Although the genre's popularity lasted just one brief year, country artists returned to the form again and again – in the late 1920s, pioneers such as Jimmie Rodgers and the Carter Family and in the 1930s, early folk artists such as Woody Guthrie and Lead Belly. The genre was revisited during the folk revival of the 1950s and 1960s, in particular, by Bob Dylan, who wrote one of his first songs based on the same "formula" used by Jenkins, and Phil Ochs, many of whose songs came directly from newspaper headlines.

Meanwhile, Jenkins earned very little from the songs he wrote. The hit "The Death of Floyd Collins", for example, brought him just $25, and under his agreement with the producer he was working with at Okeh, he also gave up all rights to the song. After experiencing copyright problems, Jenkins began keeping meticulous records of his songs. The practice eventually paid off. Years later, after Mahalia Jackson recorded one of his gospel songs, "God Put a Rainbow in the Sky", his stepdaughter Irene was able to prove the song was not in the public domain but was Jenkins's composition.

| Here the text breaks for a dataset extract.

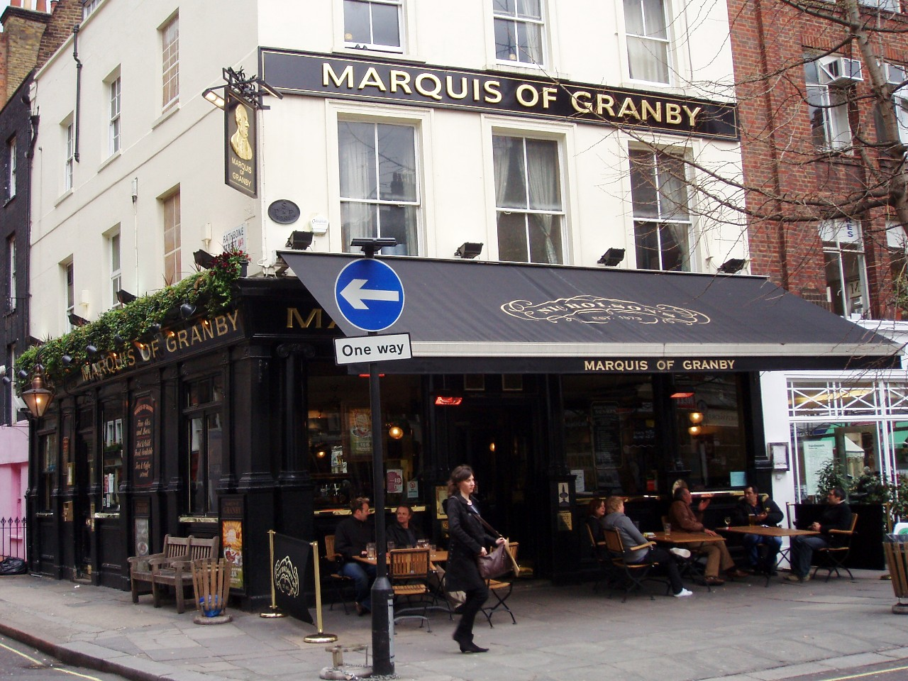 Busy pub in Fitzrovia. Address: 2 Rathbone Street (formerly listed at Percy Street). Owner: Mitchells and Butlers [Nicholson's] (website). Links: Fancyapint Beer in the Evening Qype Dead Pubs (history)

==Last recordings and later years==
Rev. Jenkins and the Jenkins Family continued to record with Okeh into the mid-1930s under a variety of names, including the Jenkins Sacred Singers, Irene Spain Family, Gooby Jenkins, Andrew Jenkins & Carson Robison and Jenkins & (Byron) Whitworth. Jenkins cut his last record as an accompanied soloist billed as Blind Andy, a name he often recorded under, on April 23, 1930, while the Jenkins Family's last recording session for Okeh was July 30, 1934.

The Jenkins Family's popularity opened Rev. Jenkins's ministry to a wide audience, as they performed at concerts and organized revival meetings throughout Georgia. Over time, Jenkins also served as pastor of several churches. In 1939, he lost his eyesight completely, yet continued to preach until the time of his death and also broadcast as an evangelist on Mexico's powerful, uncontrolled radio stations.

Jenkins was killed in an automobile accident in Thomaston, Georgia, in 1957.